The trial judge panel had dismissed the lawsuit, saying the revived statute of limitations violated due process provisions found in the North Carolina Constitution, and that a defense based on such limitations was unconditionally protected.

But Court of Appeals Judge Allison Riggs, who was elevated by Gov. Roy Cooper this week to the Supreme Court and wrote the prevailing opinion, disagreed. She wrote that the Gaston County Board of Education had failed to show beyond a reasonable doubt that the state constitution contains an “express provision” that revived statute of limits are prohibited. She also said the law's two-year window otherwise "passes constitutional muster."

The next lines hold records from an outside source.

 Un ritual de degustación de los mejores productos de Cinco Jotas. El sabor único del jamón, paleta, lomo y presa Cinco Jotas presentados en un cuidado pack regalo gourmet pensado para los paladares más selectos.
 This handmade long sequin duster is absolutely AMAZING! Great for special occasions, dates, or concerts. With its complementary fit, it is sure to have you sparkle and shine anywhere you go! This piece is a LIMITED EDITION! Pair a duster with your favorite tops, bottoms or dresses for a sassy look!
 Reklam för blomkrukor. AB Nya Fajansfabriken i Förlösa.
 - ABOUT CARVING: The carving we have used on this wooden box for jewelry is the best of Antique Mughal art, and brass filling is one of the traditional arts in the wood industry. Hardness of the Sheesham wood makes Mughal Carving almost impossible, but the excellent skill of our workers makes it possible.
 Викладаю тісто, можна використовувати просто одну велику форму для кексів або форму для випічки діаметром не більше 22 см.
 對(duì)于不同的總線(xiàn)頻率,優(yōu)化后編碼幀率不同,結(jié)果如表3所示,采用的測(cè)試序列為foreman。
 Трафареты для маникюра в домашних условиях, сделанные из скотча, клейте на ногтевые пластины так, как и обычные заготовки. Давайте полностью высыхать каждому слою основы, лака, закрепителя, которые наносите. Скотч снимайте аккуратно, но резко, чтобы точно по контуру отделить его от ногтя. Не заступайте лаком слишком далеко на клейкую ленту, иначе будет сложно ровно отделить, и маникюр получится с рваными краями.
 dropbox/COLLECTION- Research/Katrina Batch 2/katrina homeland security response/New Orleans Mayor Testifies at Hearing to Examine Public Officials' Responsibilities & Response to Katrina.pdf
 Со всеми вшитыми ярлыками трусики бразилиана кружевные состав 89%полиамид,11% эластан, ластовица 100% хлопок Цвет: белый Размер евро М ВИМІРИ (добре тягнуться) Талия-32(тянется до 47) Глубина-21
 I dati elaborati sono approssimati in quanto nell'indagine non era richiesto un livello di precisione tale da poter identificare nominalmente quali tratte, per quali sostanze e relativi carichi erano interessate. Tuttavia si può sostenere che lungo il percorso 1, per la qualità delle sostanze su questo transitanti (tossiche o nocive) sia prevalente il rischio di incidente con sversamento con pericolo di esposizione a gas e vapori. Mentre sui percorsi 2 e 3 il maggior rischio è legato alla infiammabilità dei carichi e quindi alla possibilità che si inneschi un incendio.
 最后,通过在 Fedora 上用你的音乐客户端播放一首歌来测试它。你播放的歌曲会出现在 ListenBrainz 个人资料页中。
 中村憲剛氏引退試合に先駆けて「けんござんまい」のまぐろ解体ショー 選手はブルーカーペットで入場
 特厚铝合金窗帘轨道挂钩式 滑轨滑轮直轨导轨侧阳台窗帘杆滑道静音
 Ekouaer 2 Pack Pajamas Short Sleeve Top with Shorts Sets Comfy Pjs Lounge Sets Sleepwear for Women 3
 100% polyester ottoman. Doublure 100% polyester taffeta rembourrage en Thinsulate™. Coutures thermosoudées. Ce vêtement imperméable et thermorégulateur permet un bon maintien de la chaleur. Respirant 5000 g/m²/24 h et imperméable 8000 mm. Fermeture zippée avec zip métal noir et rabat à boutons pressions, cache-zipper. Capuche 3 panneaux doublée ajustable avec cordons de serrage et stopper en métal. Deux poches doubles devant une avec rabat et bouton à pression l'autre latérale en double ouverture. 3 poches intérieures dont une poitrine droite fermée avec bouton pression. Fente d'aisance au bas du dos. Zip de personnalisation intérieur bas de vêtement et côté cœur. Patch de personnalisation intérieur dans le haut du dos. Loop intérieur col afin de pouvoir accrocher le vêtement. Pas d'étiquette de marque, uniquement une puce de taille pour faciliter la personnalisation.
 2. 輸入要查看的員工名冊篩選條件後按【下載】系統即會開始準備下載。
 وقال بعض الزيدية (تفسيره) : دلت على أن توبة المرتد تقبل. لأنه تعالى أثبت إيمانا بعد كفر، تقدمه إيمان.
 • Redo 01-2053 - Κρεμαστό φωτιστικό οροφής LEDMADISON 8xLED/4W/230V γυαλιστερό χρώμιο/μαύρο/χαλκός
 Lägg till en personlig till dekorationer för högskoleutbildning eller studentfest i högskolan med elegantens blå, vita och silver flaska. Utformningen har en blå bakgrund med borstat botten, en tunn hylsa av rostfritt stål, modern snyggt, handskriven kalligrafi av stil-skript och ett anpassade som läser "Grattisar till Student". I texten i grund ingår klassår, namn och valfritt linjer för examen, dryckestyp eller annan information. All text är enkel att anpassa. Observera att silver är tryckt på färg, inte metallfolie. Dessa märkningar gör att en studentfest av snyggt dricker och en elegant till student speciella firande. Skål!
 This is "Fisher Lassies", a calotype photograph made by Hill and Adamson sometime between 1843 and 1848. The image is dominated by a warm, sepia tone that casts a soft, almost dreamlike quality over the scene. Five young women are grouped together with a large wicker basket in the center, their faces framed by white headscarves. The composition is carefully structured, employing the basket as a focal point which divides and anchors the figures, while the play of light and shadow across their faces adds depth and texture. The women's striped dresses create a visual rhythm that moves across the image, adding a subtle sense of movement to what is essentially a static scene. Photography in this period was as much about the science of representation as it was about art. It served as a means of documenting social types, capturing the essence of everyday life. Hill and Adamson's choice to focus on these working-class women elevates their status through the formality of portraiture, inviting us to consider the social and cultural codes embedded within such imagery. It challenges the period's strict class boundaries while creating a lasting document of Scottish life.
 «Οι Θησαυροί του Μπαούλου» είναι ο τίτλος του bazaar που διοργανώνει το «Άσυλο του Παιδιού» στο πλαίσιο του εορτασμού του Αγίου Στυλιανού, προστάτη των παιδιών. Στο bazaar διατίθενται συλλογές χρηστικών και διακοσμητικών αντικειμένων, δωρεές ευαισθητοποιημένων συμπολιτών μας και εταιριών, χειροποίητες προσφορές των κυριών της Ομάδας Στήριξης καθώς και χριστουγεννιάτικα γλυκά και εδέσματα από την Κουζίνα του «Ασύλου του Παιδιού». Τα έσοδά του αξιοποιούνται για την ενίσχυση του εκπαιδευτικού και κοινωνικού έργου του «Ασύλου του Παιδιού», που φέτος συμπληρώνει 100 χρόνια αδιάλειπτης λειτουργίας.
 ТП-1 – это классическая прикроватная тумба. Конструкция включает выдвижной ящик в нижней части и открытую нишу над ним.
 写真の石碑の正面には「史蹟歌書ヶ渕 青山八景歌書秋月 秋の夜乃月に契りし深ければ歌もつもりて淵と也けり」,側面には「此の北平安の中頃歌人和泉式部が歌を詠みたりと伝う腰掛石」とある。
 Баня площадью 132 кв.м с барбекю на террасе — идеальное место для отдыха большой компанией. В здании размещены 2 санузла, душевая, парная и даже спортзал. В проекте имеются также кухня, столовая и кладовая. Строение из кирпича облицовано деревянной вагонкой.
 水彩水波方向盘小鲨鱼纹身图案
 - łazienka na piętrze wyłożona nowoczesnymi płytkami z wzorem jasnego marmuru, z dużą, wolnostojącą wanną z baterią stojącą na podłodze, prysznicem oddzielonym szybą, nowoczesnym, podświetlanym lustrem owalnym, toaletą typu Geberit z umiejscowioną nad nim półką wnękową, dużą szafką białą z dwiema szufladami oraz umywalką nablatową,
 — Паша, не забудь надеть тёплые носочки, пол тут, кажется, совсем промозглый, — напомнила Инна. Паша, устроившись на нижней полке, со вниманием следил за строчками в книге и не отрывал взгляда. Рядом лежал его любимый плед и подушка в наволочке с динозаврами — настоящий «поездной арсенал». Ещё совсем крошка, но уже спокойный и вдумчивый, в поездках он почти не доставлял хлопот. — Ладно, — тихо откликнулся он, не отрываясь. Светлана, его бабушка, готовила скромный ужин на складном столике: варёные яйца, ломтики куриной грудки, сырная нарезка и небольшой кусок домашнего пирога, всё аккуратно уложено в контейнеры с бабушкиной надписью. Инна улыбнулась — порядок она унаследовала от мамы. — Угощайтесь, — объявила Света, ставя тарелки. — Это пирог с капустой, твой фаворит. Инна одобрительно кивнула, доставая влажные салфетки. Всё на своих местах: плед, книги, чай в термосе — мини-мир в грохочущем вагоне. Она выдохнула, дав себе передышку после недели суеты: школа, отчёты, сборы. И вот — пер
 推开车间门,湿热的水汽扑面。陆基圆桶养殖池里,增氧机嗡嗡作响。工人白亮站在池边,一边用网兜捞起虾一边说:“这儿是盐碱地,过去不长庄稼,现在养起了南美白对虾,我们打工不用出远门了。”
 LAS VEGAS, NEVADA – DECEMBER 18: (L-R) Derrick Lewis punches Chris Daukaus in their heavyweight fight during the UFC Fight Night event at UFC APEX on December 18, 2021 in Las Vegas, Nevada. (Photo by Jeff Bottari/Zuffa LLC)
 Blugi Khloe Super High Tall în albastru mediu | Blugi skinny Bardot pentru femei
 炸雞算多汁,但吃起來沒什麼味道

“Because adopting the Board’s position would require us to strike down as unconstitutional a duly enacted statute of our General Assembly and disregard the narrowly crafted legislation designed to address a stunningly pressing problem affecting vulnerable children across the state, we decline to convert an affirmative defense into a free pass for those who engaged in and covered up atrocious child sexual abuse,” Riggs wrote.

Court of Appeals Judge Fred Gore agreed with Riggs' reversal decision.

In the dissenting opinion, Judge Jeff Carpenter wrote the majority was overruling the results of several binding legal cases from the Court of Appeals, as well as a key 1933 state Supreme Court decision. He said he believes reviving the statute of limitations violates a vested right, he added.

“I completely agree: Sexual abuse of children is vile. I agree that striking down legislation as facially unconstitutional is strong medicine, only suitable for clear constitutional violations,” Carpenter wrote, but “the stability and predictability of our justice system requires that we adhere to the precedents" of the appellate courts.

Gary Scott Goins, the former wrestling coach at East Gaston, was convicted of 17 sex-related crimes in 2014 and sentenced to at least 34 years in prison. Goins did not file a legal brief for this appeal.

The Republican-controlled legislature approved the SAFE Act unanimously, and it was signed into law by Democratic Gov. Roy Cooper.

The state intervened in the lawsuit, with lawyers under Attorney General Josh Stein defending the law. Stein said Wednesday he was pleased with Tuesday's decision, saying “this ability to hold accountable abusers is critical to helping people process traumatic child abuse and recover.”

The decision came more than a year after the state Supreme Court ordered that the case bypass the intermediate-level appeals court and be heard directly by the justices. The court’s four registered Democrats at the time voted to take up the case. But a new edition of the Supreme Court — five of whom are registered Republicans — decided in March the Court of Appeals should rule in the case first.